Bioprospecting of Arctic marine organisms Employing bioassay-, chemistry-, and metabolomics-guided isolation

Abstract

The marine environment inhabits a large diversity of organisms that produce natural products as a strategy for survival. Many marine natural products are found to display different bioactivities and some of them have reached the market as drugs or dietary supplements. Comprehending the great potential of bioactive marine natural products motivates for the continuing bioprospecting of organisms from the oceans.

In this thesis the aim was to isolate bioactive marine natural products. Three different approaches were studied, namely bioassay-, chemistry- and metabolomics-guided isolation. The bioassay-guided isolation approach yielded an antioxidative bromophenol isolated from the alga Vertebrata lanosa, which was active in both biochemical and cellular assays. It was more potent than the known antioxidants luteolin and quercetin in both cellular assays and of quercetin in one of the assays.
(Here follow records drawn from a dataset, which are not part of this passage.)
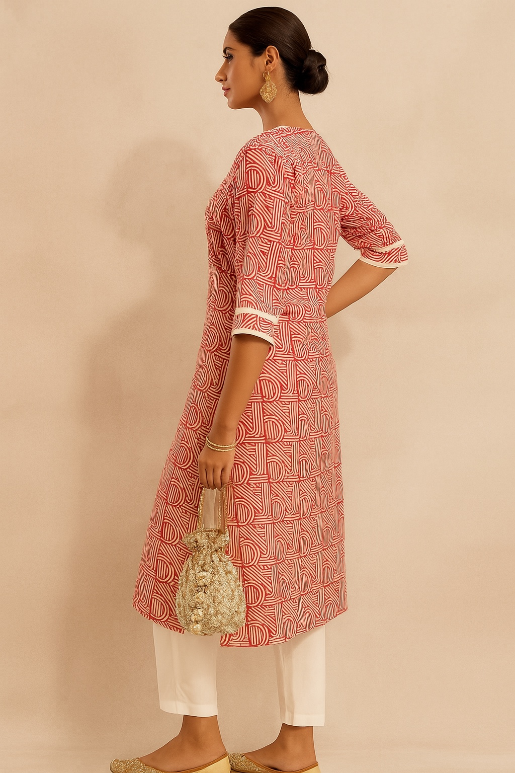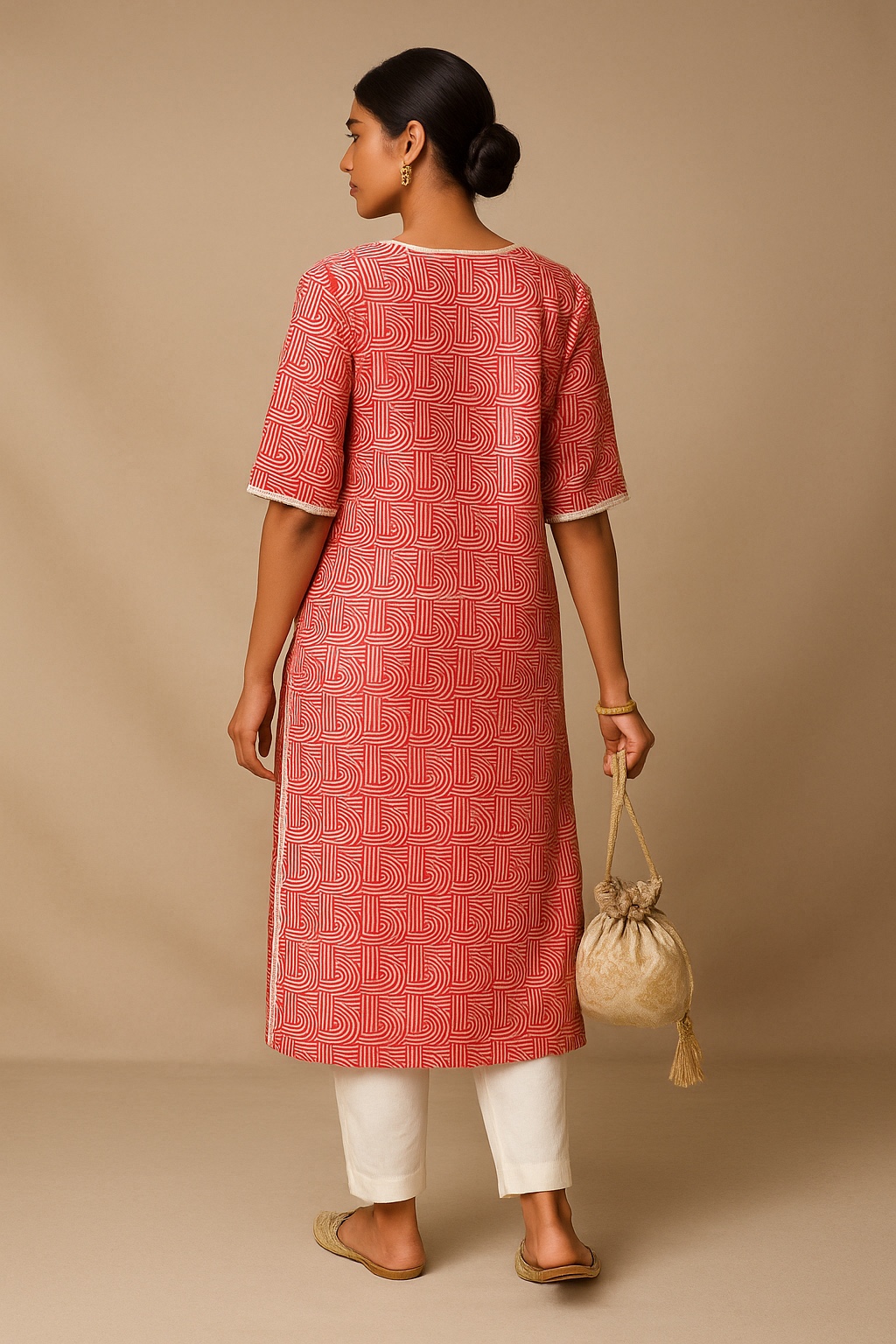 Coral Red Abstract Print Cotton Kurti with Contrast Trim
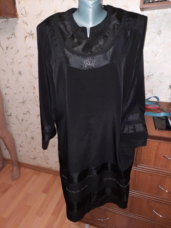 Этикетки с размером и составом ткани нет. Смотрите замеры. Ткань блузочная, как плотный шифон, не просвечивает. Цвет чёрный. Состояние очень хорошее, в некоторых местах отпали камешки. Длина от плеча к низу 105. Длина рукава от плеча 60. П/о бицепс 22. П/о груди 69. П/о талии 70. П/о бёдер 75. Ширина между плечами 46. 14.
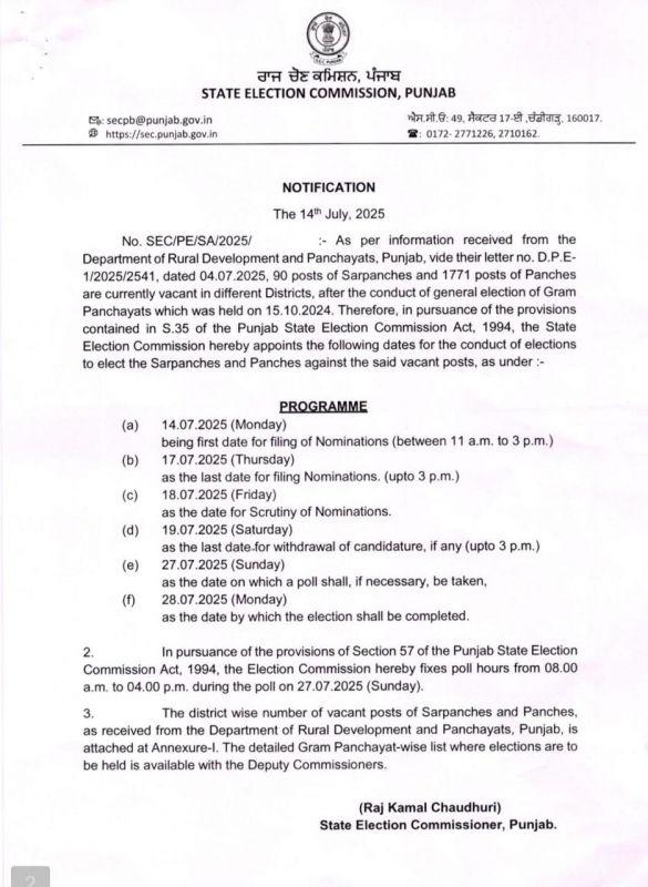 90 ਸਰਪੰਚ ਅਤੇ 1771 ਪੰਚਾਂ ਦੀ 27 ਜੁਲਾਈ ਨੂੰ ਹੋਵੇਗੀ ਚੋਣ
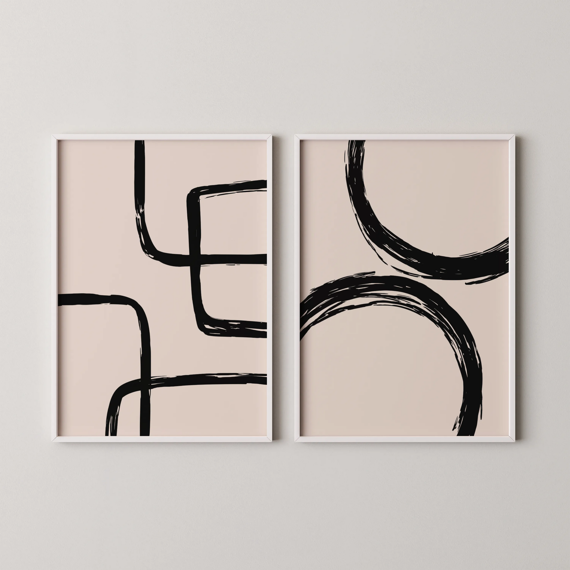 Modern Abstract Lines II, Set of 2, Black & White Mid Century Aesthetic Wall Art
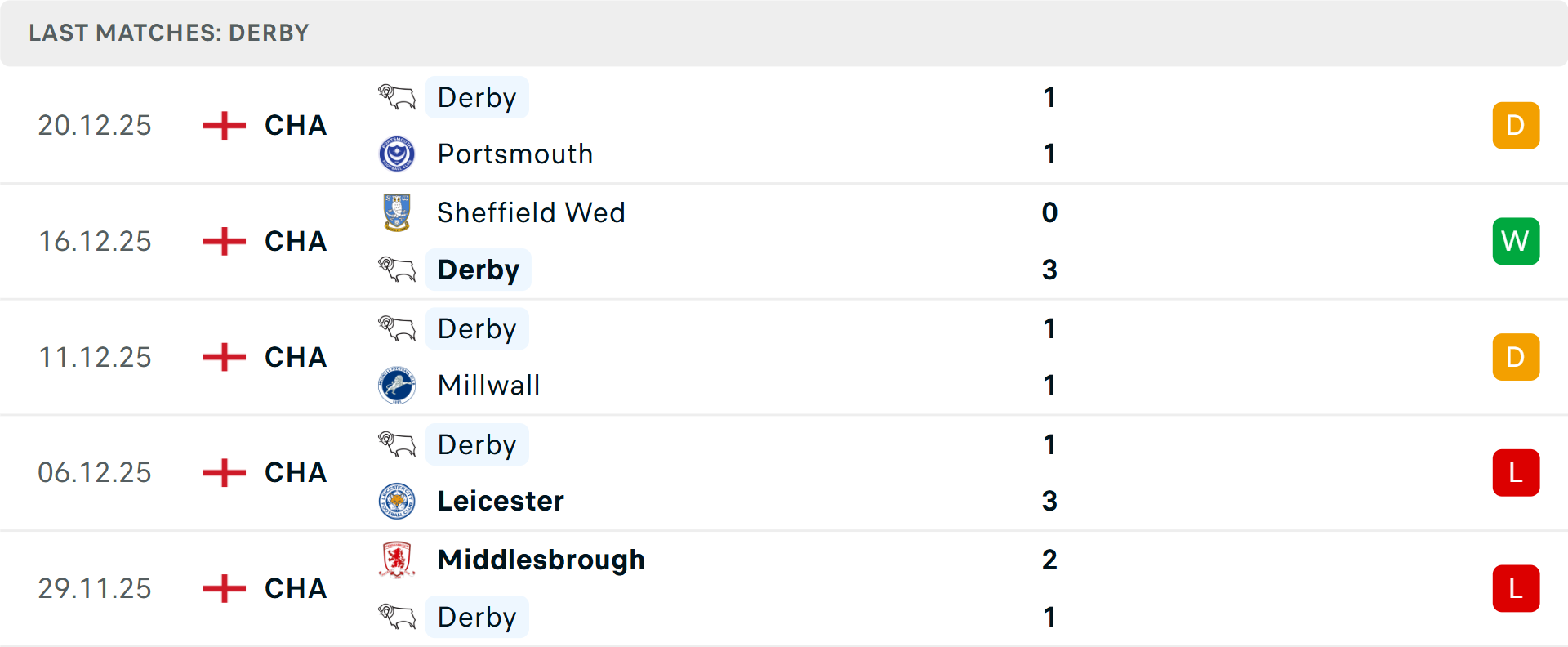 Ngược lại, Derby County dưới sự dẫn dắt của HLV John Eustace đang là "ông vua sân khách". Họ giành nhiều điểm nhất trên sân khách trong 8 vòng gần đây, với 4 chiến thắng trong 5 chuyến hành quân xa nhà mới nhất, bao gồm những trận thắng ấn tượng tại Sheffield.
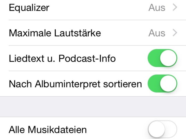 Bei einer großen Musik-Sammlung kann die Übersicht auf dem iPhone schnell verloren gehen. Mit iTunes Match haben Sie nämlich Zugriff auf Ihre komplette Mediathek. Sie können aber auch nur die Titel und Alben anzeigen, die auf Ihrem iPhone oder iPad geladen sind. Gehen Sie dazu in die Einstellungen und deaktivieren Sie unter Musik den Zugriff auf Alle Musikdateien.
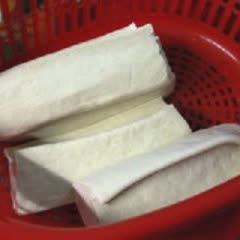 Đậu hũ mua về rửa sạch, để ráo. Sau đó cắt đậu thành từng miếng vuông vức, tạo hình rỗng ở giữa đậu.
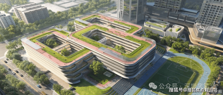 项目配建投资超8亿的红岭教育集团红树林校区。九年一贯制72班(小学48班+初中24班)公立学校,由全球TOP10设计事务所AEDAS设计。
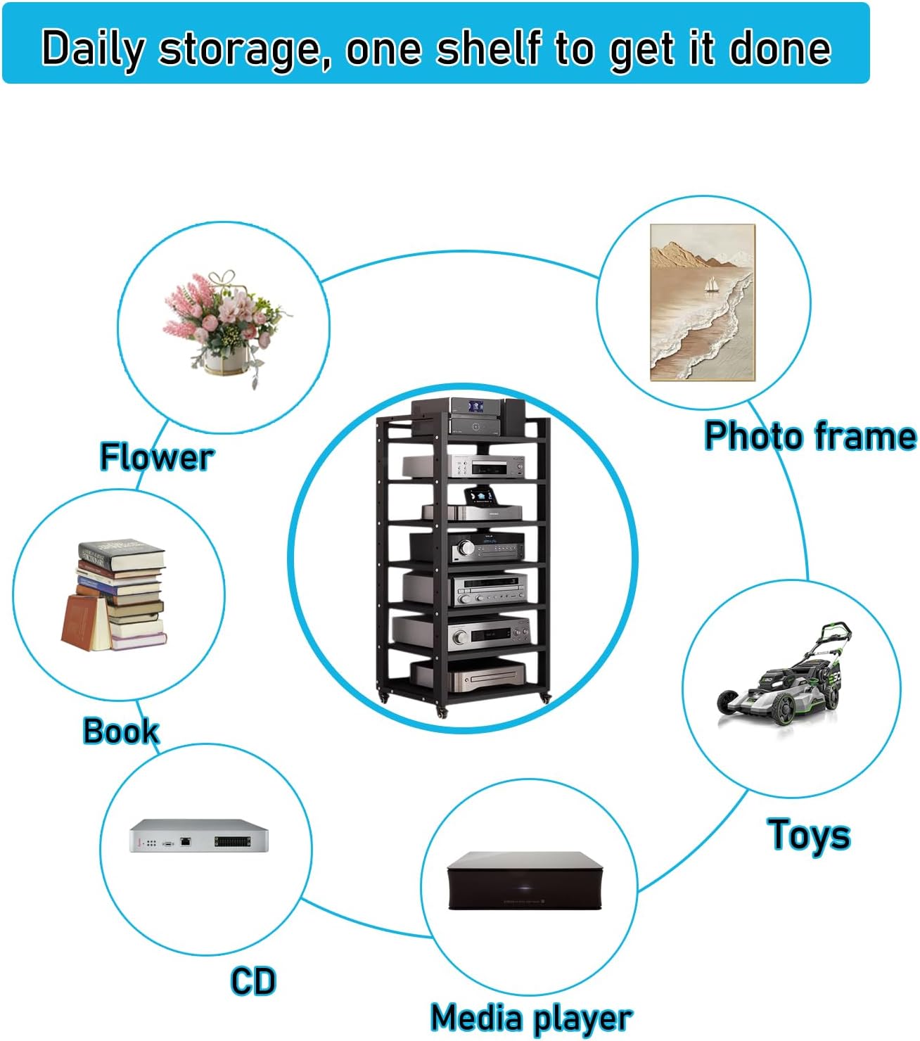 VERSATILE USE: The stereo stand can be used to place amplifiers speakers mixers karaoke machines printers books stationery potted plants etc. suitable for home office shop etc
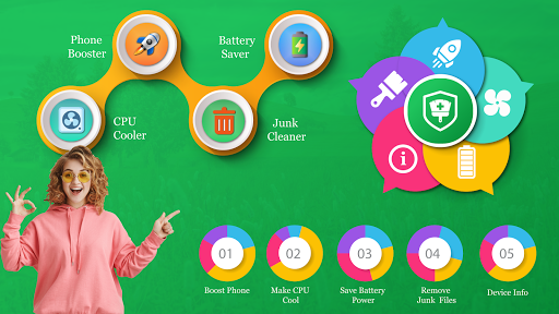 tool for android phone which will clean your phone from junk files, boost the phone for games, remove necessary files, and clean memory. Via Battery Optimizer / CPU Cooler, you can easily optimize your battery and cool down the CPU.
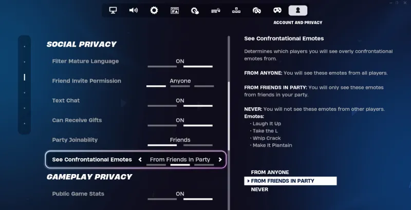 This new setting can be found under "Social Privacy" in the Fortnite settings and it defaults to only show these confrontational emotes from friends in your party. Epic stresses that this setting does not change a player's ability to use any emotes. It is now live in-game.
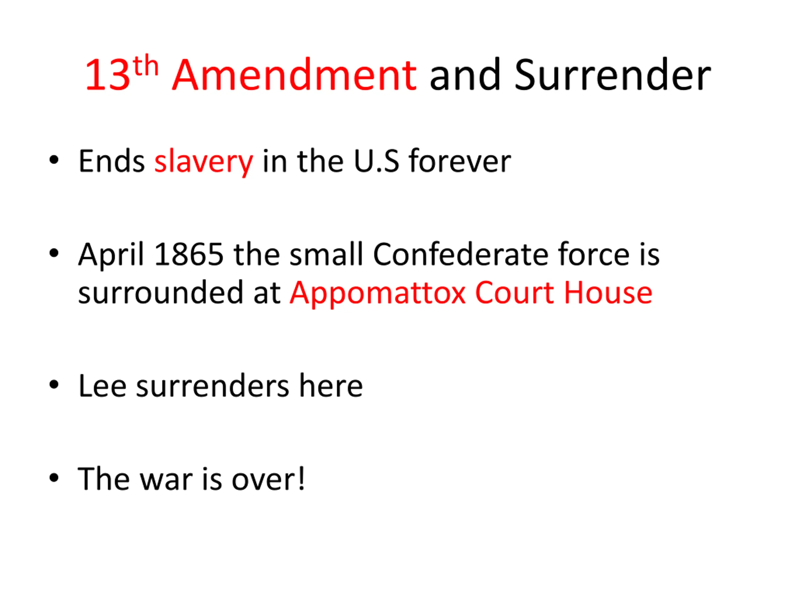 13thAmendment and Surrender Ends slavery in the U.S forever April 1865 the small Confederate force is surrounded at Appomattox Court House Lee surrenders here The war is over!
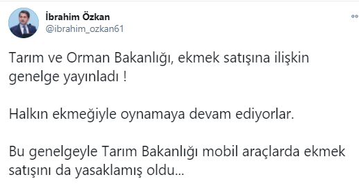 Genelgeyi sosyal medya hesabından paylaşan İBB İYİ Parti Grup Başkan Vekili İbrahim Özkan, " Tarım ve Orman Bakanlığı, ekmek satışına ilişkin genelge yayınladı! Halkın ekmeğiyle oynamaya devam ediyorlar. Bu genelgeyle Tarım Bakanlığı mobil araçlarda ekmek satışını da yasaklamış oldu" ifadelerini kullandı.
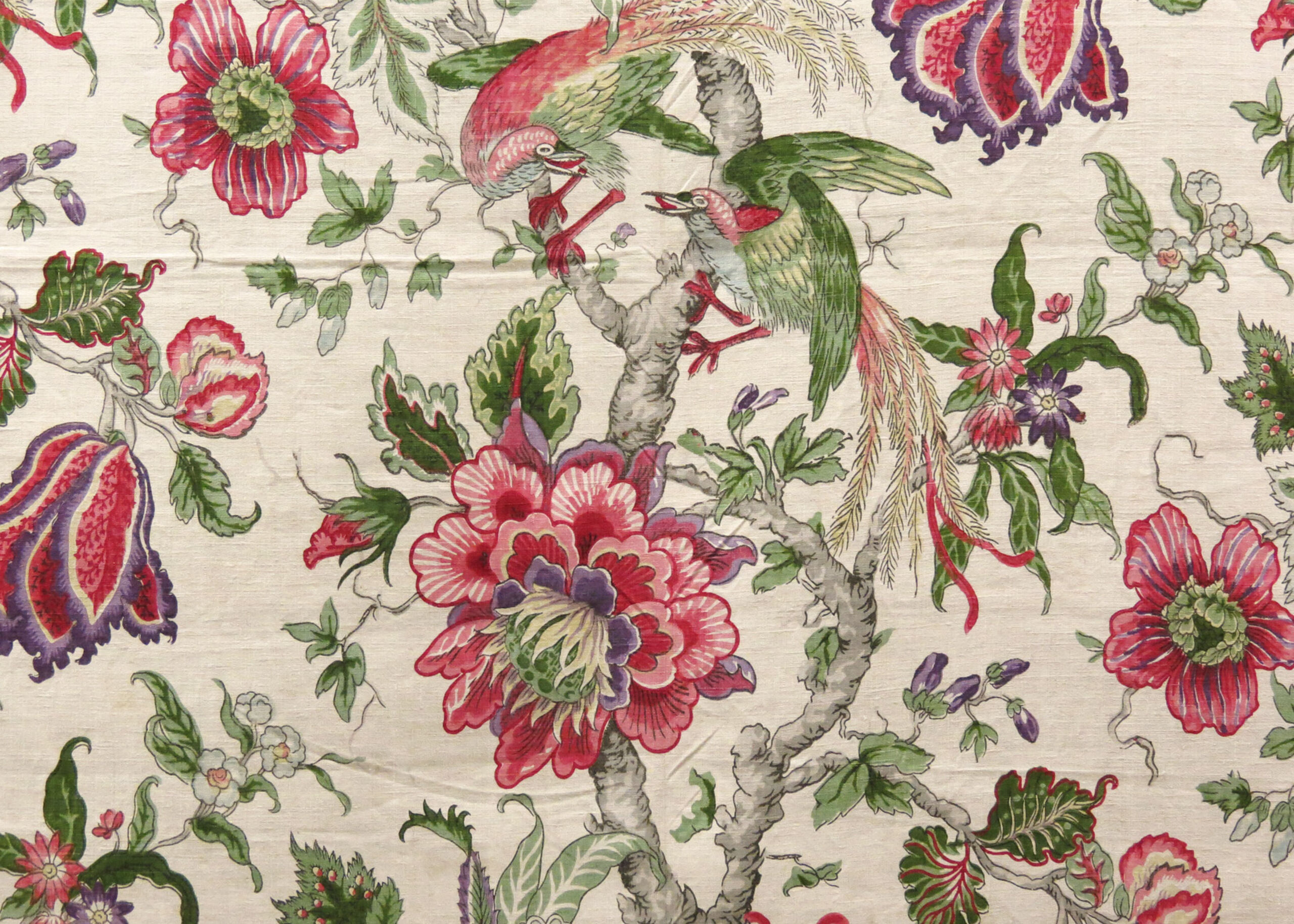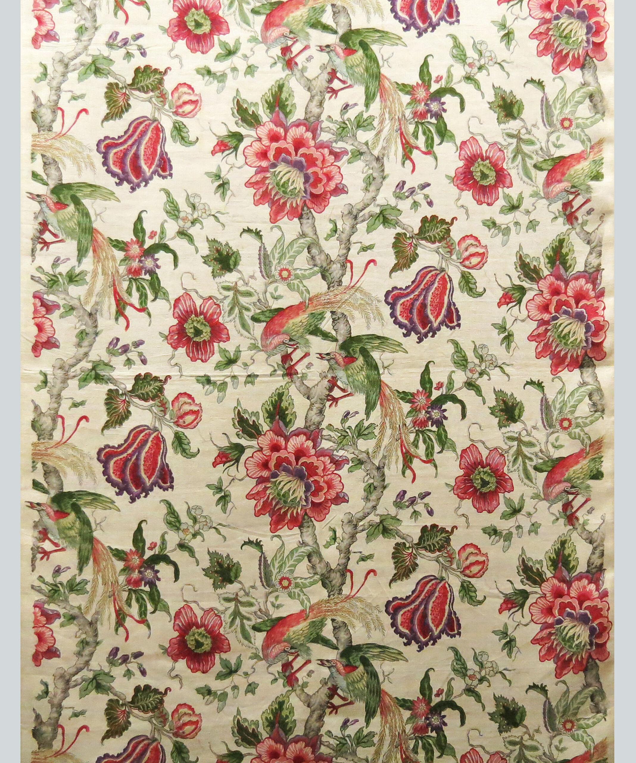 Dekorstoff, Kräftige Äste mit großen bunten Blüten und bunten Vögeln auf naturweißem Grund, Anonym, MAK Inv.nr. T 6664
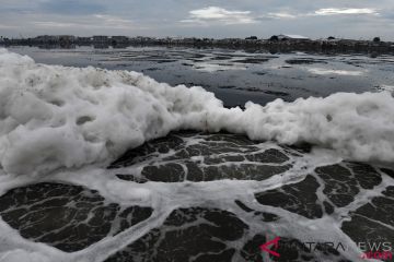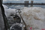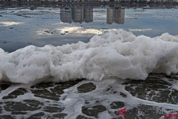 Busa limbah domestik memenuhi kolam di Instalasi Pengolahan Air Waduk Pluit, Jakarta, Jumat (21/9/2018). Berdasarkan data Dinas Lingkungan Hidup DKI, sumber limbah yang mencemari air di Ibu kota berasal dari limbah permukiman sebanyak 72,7 persen, sisanya dari limbah perkantoran sebanyak 17,3 persen dan limbah industri 9,9 persen. ANTARA FOTO/Fanny Octavianus/wsj.

Barettin was attributed an additional bioactivity as it, together with the structurally similar 8,9-dihydrobarettin, inhibited electric eel acetylcholine esterase (AChE). Inhibition by both barettins was in the range of the reported AChE inhibitors pulmonarin A and B and of the drug galanthamine. Two brominated indoles were isolated, using chemistry-guided isolation, from Geodia barretti based on their structural similarities with barettin and 8,9-dihydrobarettin. The brominated indoles were used as inspiration for synthesising a library of 22 structurally similar compounds. Synthetic compounds having a combination of a bromine substituent in a specific structural position and a positively charged amine were the most potent. However, the brominated indole was found not to be sufficient for AChE inhibition.

Metabolomics-guided isolation was used to study the differences in natural products produced by the closely related sponges G. barretti and G. macandrewii. Employing this bioprospecting approach a novel compound unique for G. macandrewii was identified and it was suggested that metabolomics could be a valuable supplement to other bioprospecting approaches like the bioassay-guided isolation.